(Records drawn from a dataset)
____________________
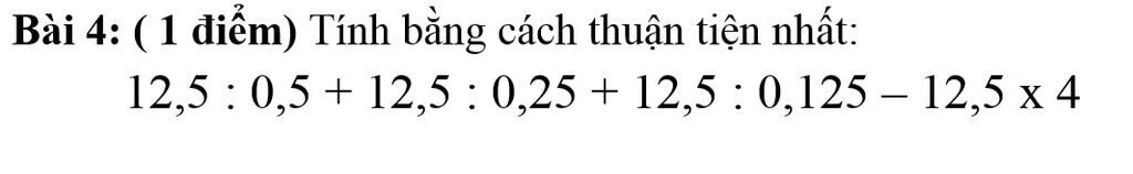 `12,5 : 0,5 + 12,5 : 0,25 + 12,5 : 0,125 - 12,5 xx 4`
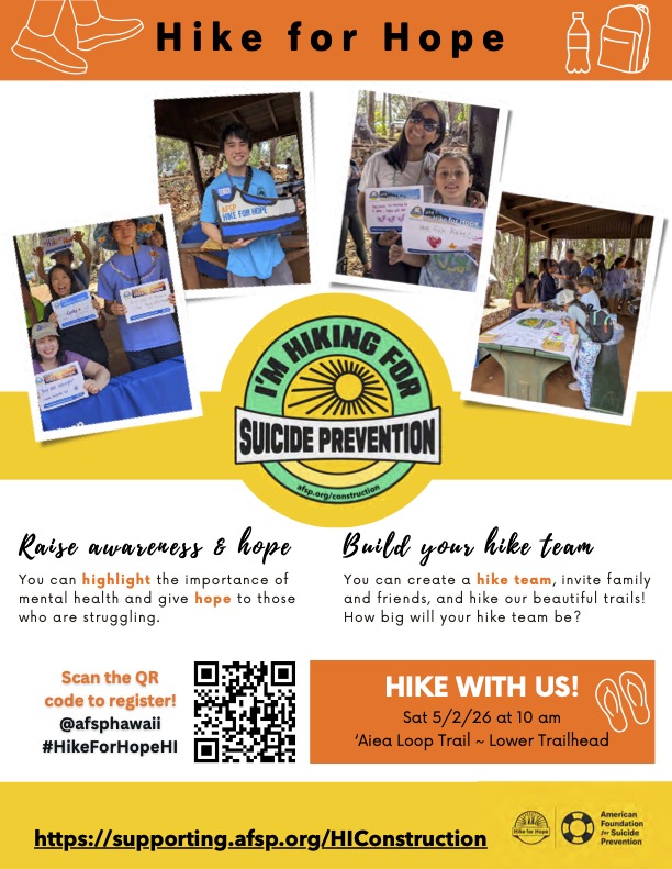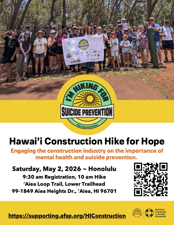This May, The American Foundation for Suicide Prevention (AFSP), Hawaii Chapter, is promoting hiking and exercise, self-care, enjoying nature, and building community with their virtual *Construction* Hike for Hope. Everyone can participate in hikes anywhere, anytime, all month long. AFSP has a special focus on construction workers, who have the highest rates of suicide among the professions in the US.
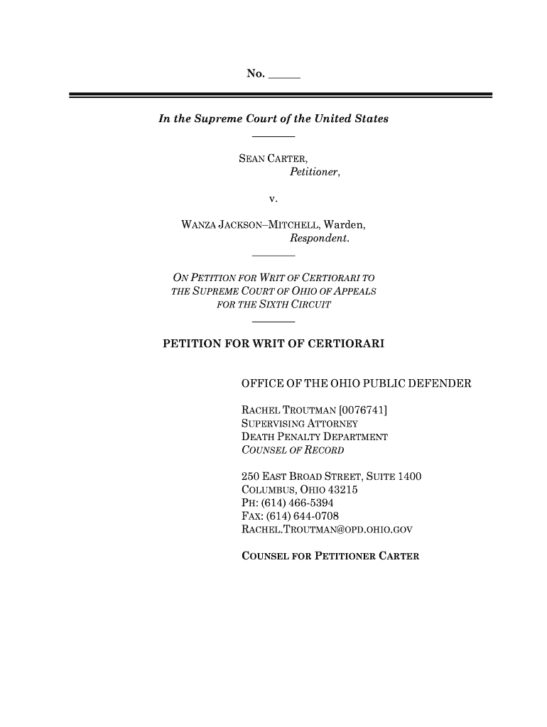 No. In the Supreme Court of the United States SEAN CARTER, Petitioner, v. WANNA JACKSONMITCHELL, Warden, Respondent. ON PETITION FOR WRIT OF CERTIORARI TO THE SUPREME COURT OF OHIO OF APPEALS FOR
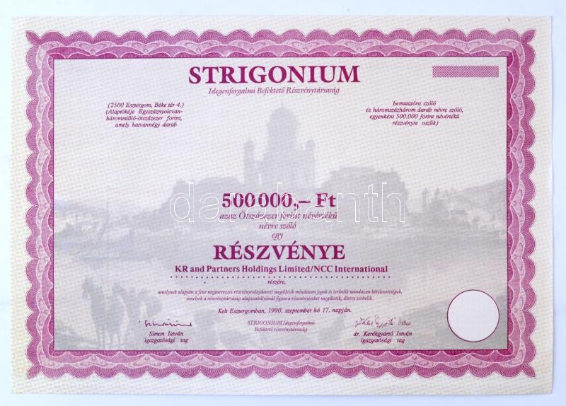 Leírás: Esztergom 1990. "Strigonium Idegenforgalmi Befektető Részvénytársaság" részvénye 500.000Ft-ról T:I-
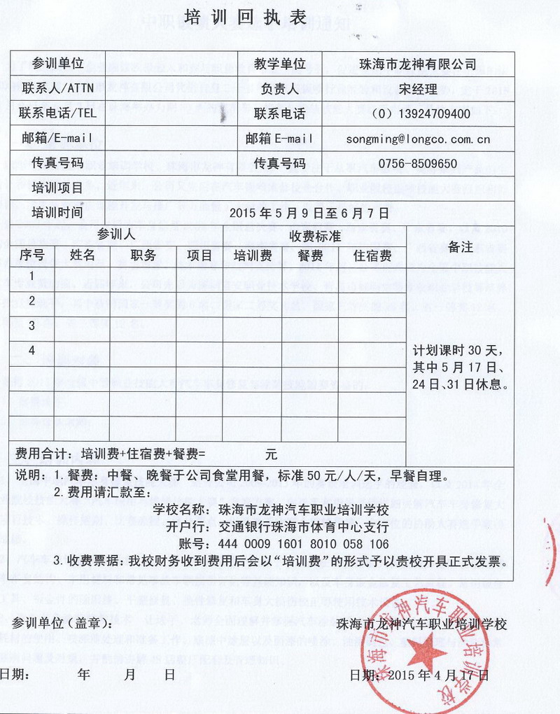 培訓時間30天,即從2015年5月9日起至6月7日止,其中5月17日、24日31日休息;期間餐費按照上課時間27天預收,實際參照離開時間調(diào)整。具體收費情況請來電咨詢。
____________________
*BRIEF*
Exactly the lines above from the one that contains "This May, The" down to the one that contains "Leírás: Esztergom 1990." are to be output, both ends kept and pictures omitted.

*SOLVED PROBLEM*
This May, The American Foundation for Suicide Prevention (AFSP), Hawaii Chapter, is promoting hiking and exercise, self-care, enjoying nature, and building community with their virtual *Construction* Hike for Hope. Everyone can participate in hikes anywhere, anytime, all month long. AFSP has a special focus on construction workers, who have the highest rates of suicide among the professions in the US.
 No. In the Supreme Court of the United States SEAN CARTER, Petitioner, v. WANNA JACKSONMITCHELL, Warden, Respondent. ON PETITION FOR WRIT OF CERTIORARI TO THE SUPREME COURT OF OHIO OF APPEALS FOR
 Leírás: Esztergom 1990. "Strigonium Idegenforgalmi Befektető Részvénytársaság" részvénye 500.000Ft-ról T:I-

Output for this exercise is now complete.